Likou 203 Weekly Competition Questions Solution
Topic 1:
1. The sector with the most passes on the circular track
Example
Problem-solving ideas and code implementation
The idea of this question is to optimize the entire starting point and the ending point and clarify the relationship. In the process from the starting point to the ending point, the starting point is less than the ending point, the starting point is greater than the ending point, and the starting point is equal to the ending point.
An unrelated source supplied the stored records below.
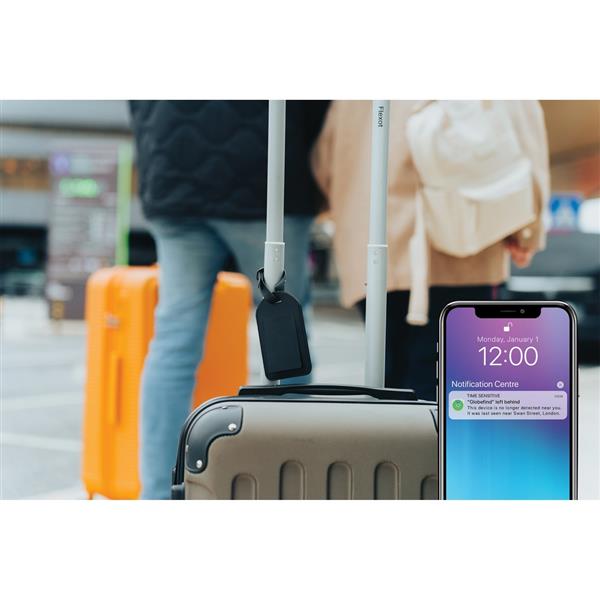 Zawieszka bagażowa, wykrywacz, lokalizator, produkt wykonany z poliestru pochodzącego z recyklingu RCS, po pełnym naładowaniu produkt działa ok. 6 miesięcy, całkowita zawartość materiałów z recyklingu 9% w oparciu o całkowitą wagę produktu, certyfikat RCS zapewnia w pełni certyfikowany łańcuch dostaw materiałów pochodzących z recyklingu, zapakowany w opakowanie prezentowe FSC® mix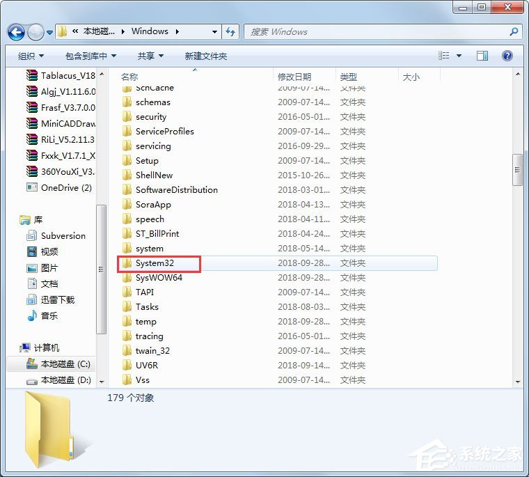 3、在Windows文件夹里面找到“System32”这个文件夹再点击打开;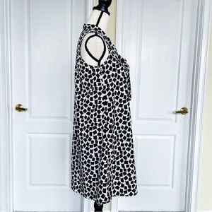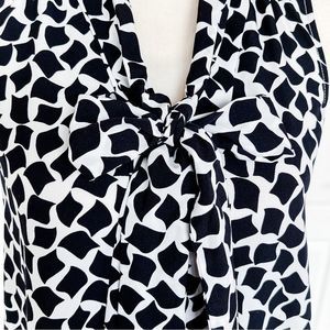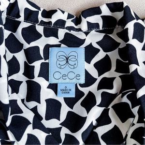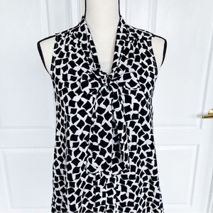 Cece 0 Black White Floating Rhombus Bow Tie Neck Ruffle Back Sleeveless Dress

There are three cases, and the number of repeated parts in the middle is the same. of. Note that the starting point is greater than the ending point. See the code for details. Simple question types are simpler with python, and complex question types are clearer and easier to understand with Java and cpp.
class Solution:
def mostVisited(self, n: int, rounds: List[int]) -> List[int]:
start,end = rounds[0],rounds[-1]
# 三种情况依次来写即可
if start < end :
return list(range(start,end+1));
elif start == end :
return list(range(start,start+1))
else :
return list(range(1,end+1)) + list(range(start,n+1))
Topic 2:
2. The maximum number of coins you can get
Example
Problem-solving ideas and code implementation
Pure sorting questions, just take the value in order after shooting
Python implementation:
class Solution:
def maxCoins(self, piles: List[int]) -> int:
# python提供的更加简洁的表达格式,注意与matlab中区间及给定步长使用的区分
return sum(sorted(piles)[len(piles) // 3::2])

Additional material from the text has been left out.